Brief
Copy all lines below exactly as written. Leave pictures out.

*** Information provided ***

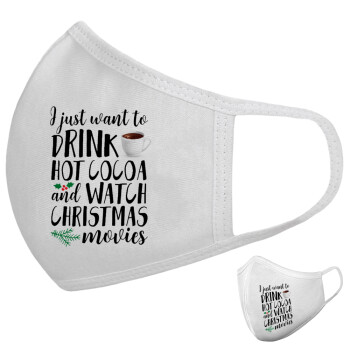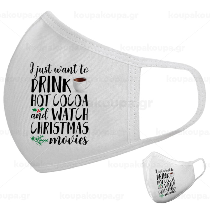 I just want to drink hot cocoa and watch christmas movies, Μάσκα υφασμάτινη υψηλής άνεσης παιδική (Δώρο πλαστική θήκη)
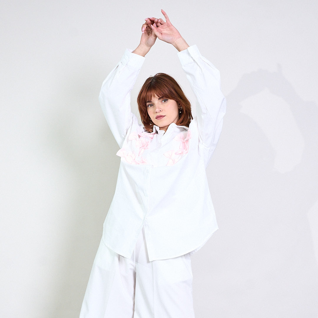 3d rozā priekšgala aplikācija lielizmēra poplin krekla vairumtirdzniecība
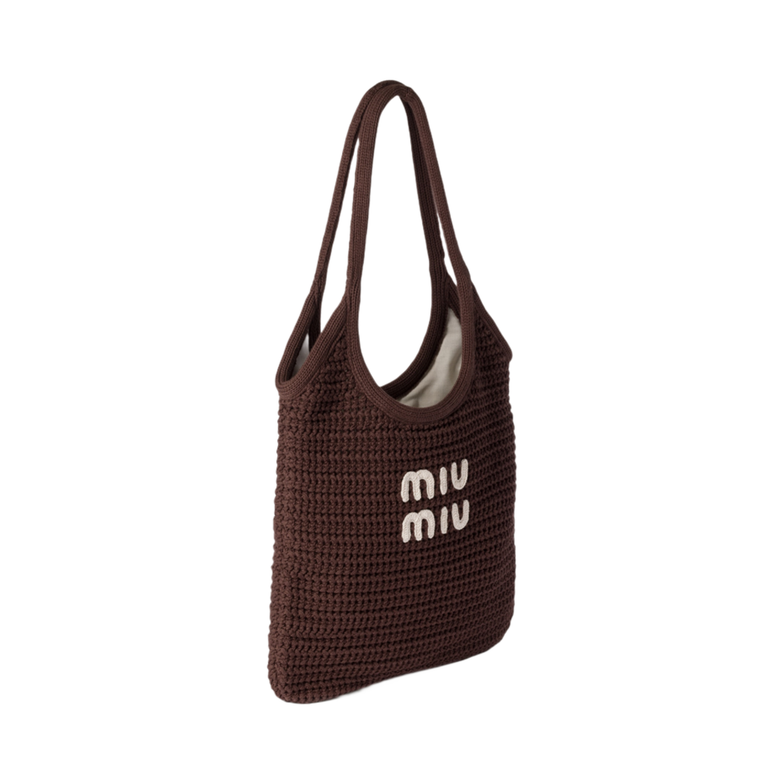 Miu Miu Ivy Raffia Effect Woven Tote Bag Cocoa Chalk White

*** End of Information provided ***

Output
 I just want to drink hot cocoa and watch christmas movies, Μάσκα υφασμάτινη υψηλής άνεσης παιδική (Δώρο πλαστική θήκη)
 3d rozā priekšgala aplikācija lielizmēra poplin krekla vairumtirdzniecība
 Miu Miu Ivy Raffia Effect Woven Tote Bag Cocoa Chalk White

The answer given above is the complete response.